** Exercise objective **
Every record needs to come back as written, except for the pictures.

▼

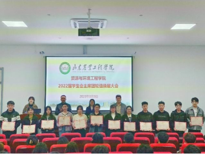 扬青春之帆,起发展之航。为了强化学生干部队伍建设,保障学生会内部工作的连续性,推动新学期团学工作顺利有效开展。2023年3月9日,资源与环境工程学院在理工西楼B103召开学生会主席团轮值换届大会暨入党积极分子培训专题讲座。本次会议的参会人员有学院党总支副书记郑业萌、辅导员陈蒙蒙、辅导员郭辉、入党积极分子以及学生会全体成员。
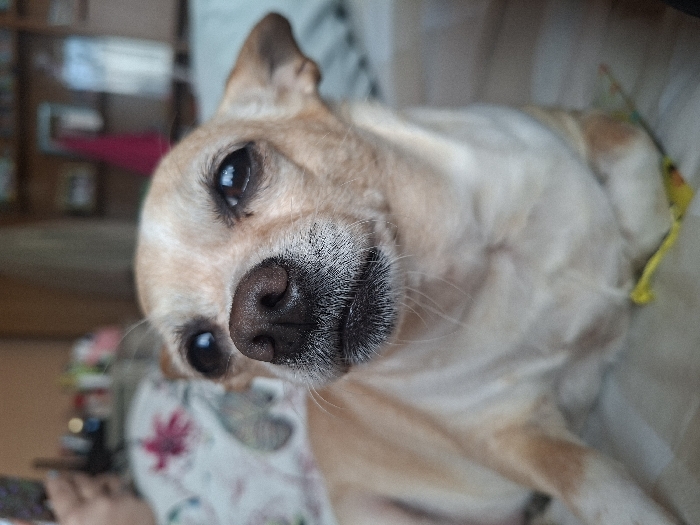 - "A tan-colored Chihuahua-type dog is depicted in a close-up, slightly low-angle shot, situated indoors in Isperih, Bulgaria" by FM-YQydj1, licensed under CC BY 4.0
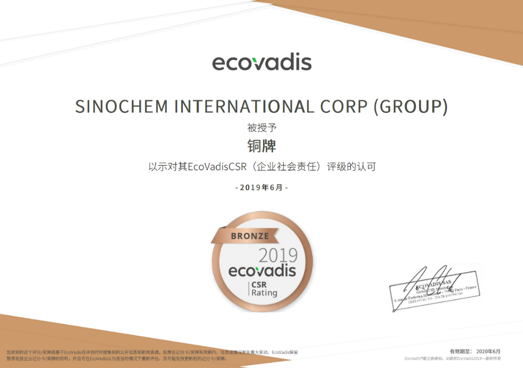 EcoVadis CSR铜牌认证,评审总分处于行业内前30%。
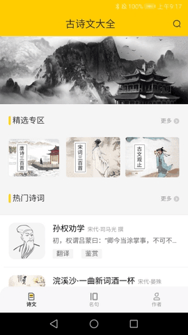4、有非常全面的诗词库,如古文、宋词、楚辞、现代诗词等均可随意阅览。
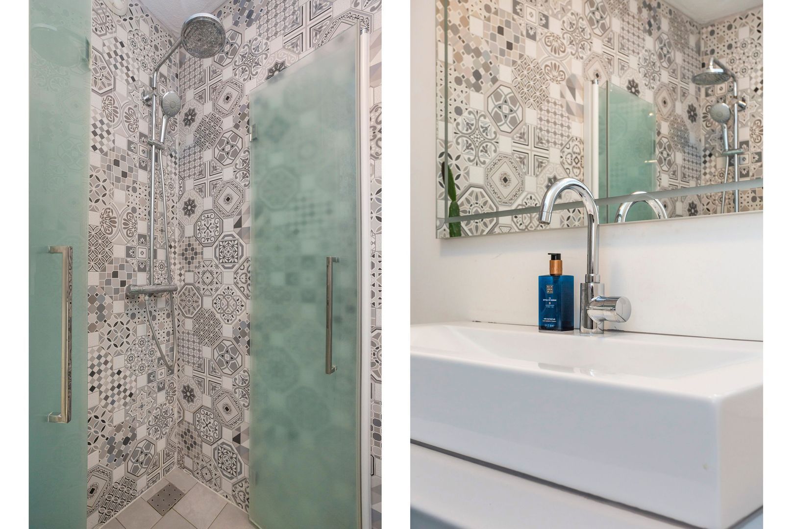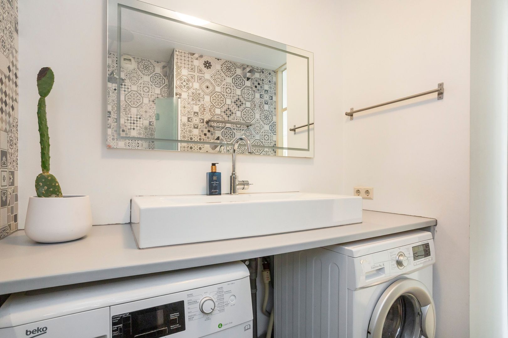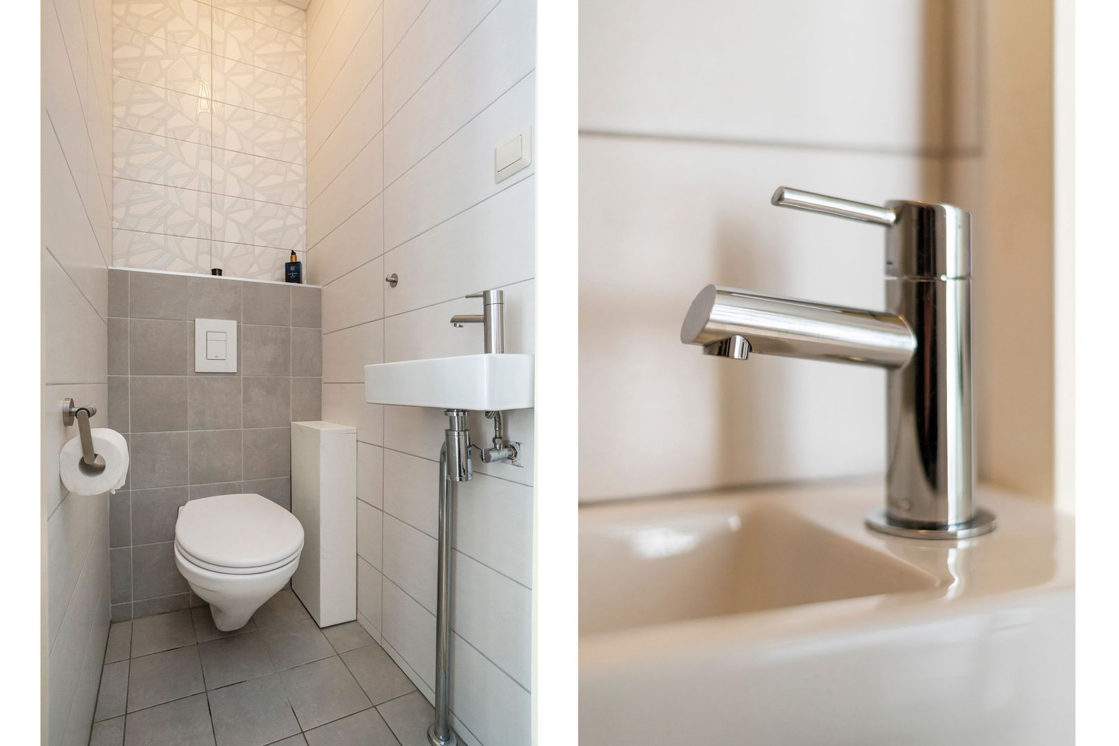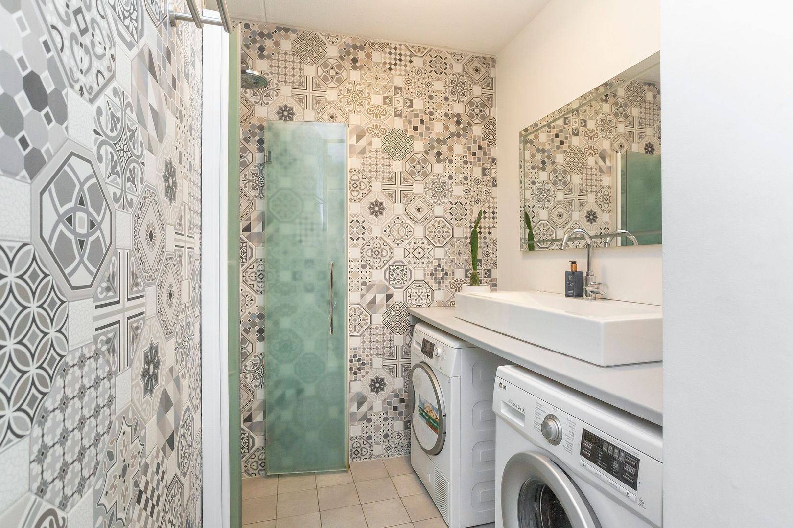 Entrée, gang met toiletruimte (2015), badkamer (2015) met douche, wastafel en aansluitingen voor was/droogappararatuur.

▲

** Answer to the exercise **
 扬青春之帆,起发展之航。为了强化学生干部队伍建设,保障学生会内部工作的连续性,推动新学期团学工作顺利有效开展。2023年3月9日,资源与环境工程学院在理工西楼B103召开学生会主席团轮值换届大会暨入党积极分子培训专题讲座。本次会议的参会人员有学院党总支副书记郑业萌、辅导员陈蒙蒙、辅导员郭辉、入党积极分子以及学生会全体成员。
 - "A tan-colored Chihuahua-type dog is depicted in a close-up, slightly low-angle shot, situated indoors in Isperih, Bulgaria" by FM-YQydj1, licensed under CC BY 4.0
 EcoVadis CSR铜牌认证,评审总分处于行业内前30%。
4、有非常全面的诗词库,如古文、宋词、楚辞、现代诗词等均可随意阅览。
 Entrée, gang met toiletruimte (2015), badkamer (2015) met douche, wastafel en aansluitingen voor was/droogappararatuur.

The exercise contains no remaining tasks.